Ik ben een tijdje in de contraprestatie geweest, eerst werd ik anderhalf jaar afgewezen omdat ze me geen artiest vonden, ik die nou tonnen verdien. Toen ik eindelijk geaccepteerd werd door de ouwe keutels, kon ik eruit, had ik dat boek. Kunstenaars met baarden en luizebossen op sandalen worden wel geaccepteerd, tegen mij zeiden ze: gaat u maar werken in de haven. Daarom is die f 40.000 belasting een principiële kwestie. Daar gaan zeker f 1000 van aan de politie. Ik ga de politie niet betalen. Ze zeggen dat ik hooghartig ben, ik ben trots als een koning op m'n auto, op alles wat ik zelf heb verdiend. 't Zwaartste om te dragen is de roem. Kijk, ik kan hem goed dragen. Anders zou ik al in elkaar zijn gezakt.
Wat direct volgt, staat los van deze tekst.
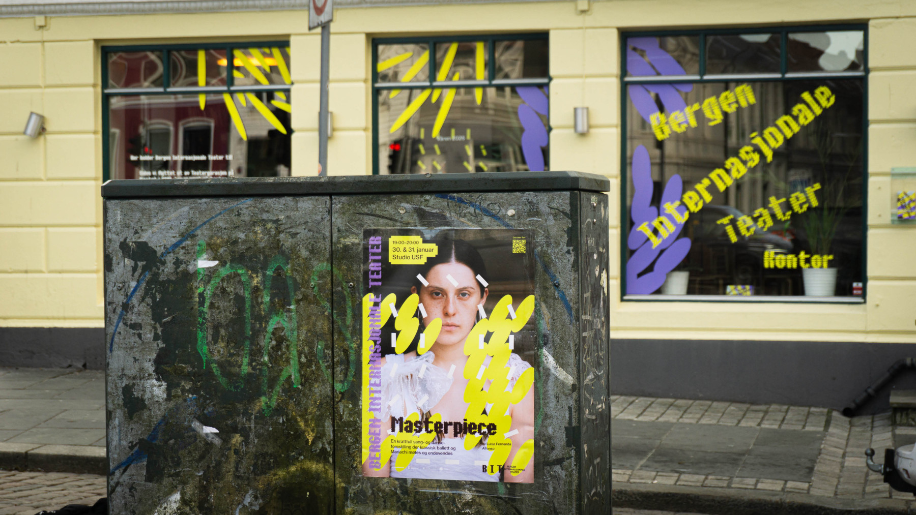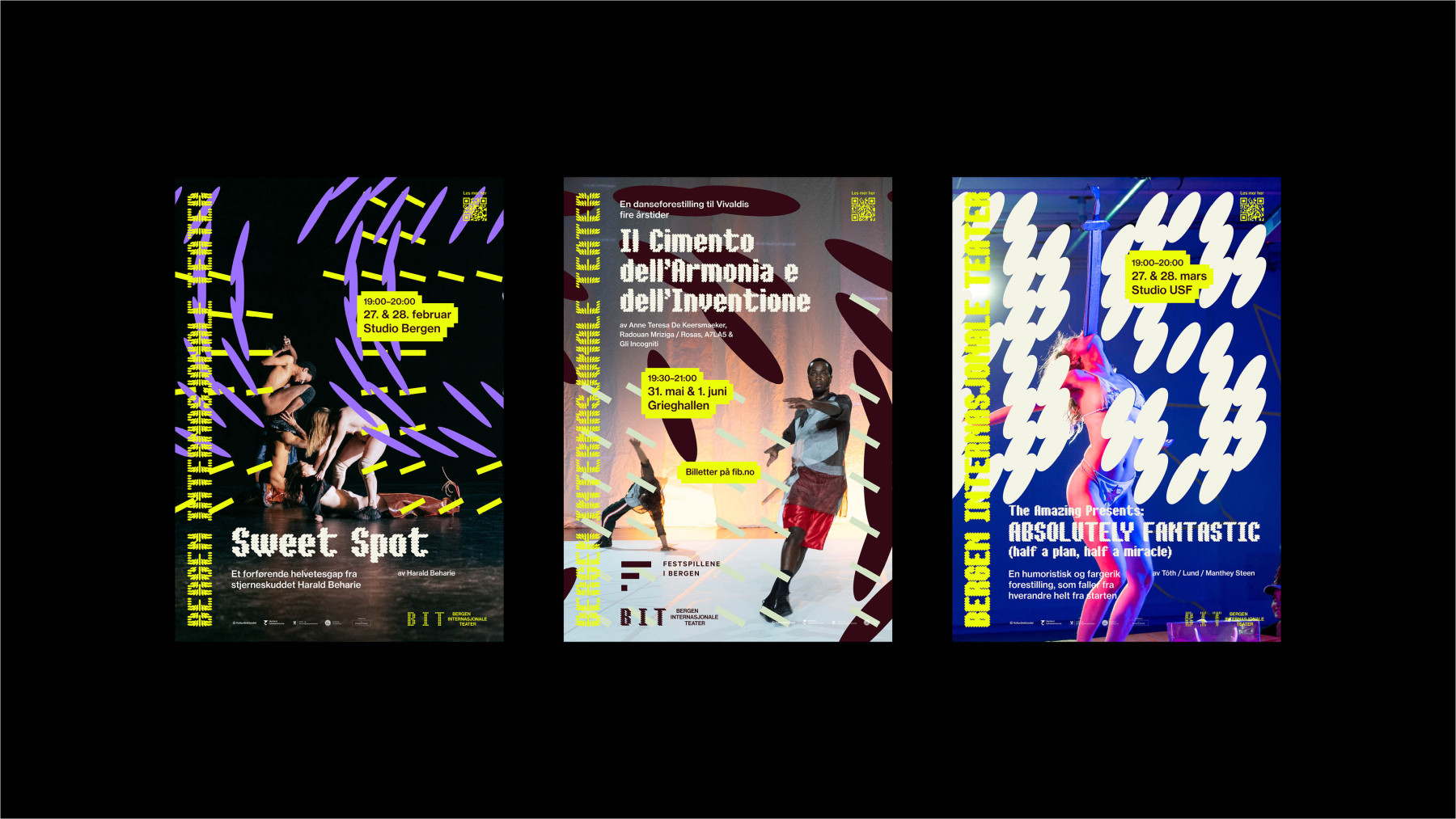 Da BIT endelig fikk plass på Sentralbadet etter 14 år med nomadisk drift, kontaktet de oss for å lage en ny og endelig helhetlig identitet. Vi lot oss inspirere av spenningen og samholdet som oppstår rundt moderne dans og teater. Muligheten for friksjon og dansens flyt. Det uventede og spenningen av å ikke helt vite hva som skal skje.

Ik ben te zelfverzekerd om me hun afgunst aan te trekken. Rusten kan ik niet meer, ik ben naar de Rivièra geweest, ik wou relaxen, ik kan er niet tegen. Ik ben de manager van me zelf. Ik wou wel zo'n manager hebben als ik ben, maar die bestaat niet. Ik ben altijd de beste. Daarom is 't zo moeilijk voor m'n vrouw. M'n eigen kamer doe ik 2 maal zo vlug en beter. Als ik in m'n andere huis werk en verschrikkelijke rotzooi maak, doet m'n vrouw er 2 dagen over, de werkster 3 dagen, ik doe 't in een uurtje. Ik ben
| |
| |
een perfectionist. Dat is belangrijk, omdat ik alles steeds in de gaten gehouden heb, daarom is 't me gaan lukken. Ik ben tegen domme mensen, dat komt omdat mijn niveau hoger ligt. Wie heeft op z'n 24ste gedaan wat ik heb gedaan? Wie heeft zulke plakboeken? Ze zeggen, dat kan je niet allemaal hebben meegemaakt. Maar die slachterij, daar heb ik 3 uur gewerkt, in de militaire dienst was ik 3 maanden, 't Vreemdelingenlegioen weet ik van een vriend. Ik signaleer, noteer. Ik ga in Amerika een stoot schilderijen maken. En als ik miljonair ben, heb ik weer een lijst dingen die ik ga doen.
Iedereen die een letter in m'n boek geschreven heeft, mag 't openbaar maken. Die kan zo 1000 gulden krijgen. Nog een letter insinuatie in de krant, of ik begin een proces wegens laster. 16 september komt de zaak tegen Trouw voor. We hebben 50.000 gulden geëist.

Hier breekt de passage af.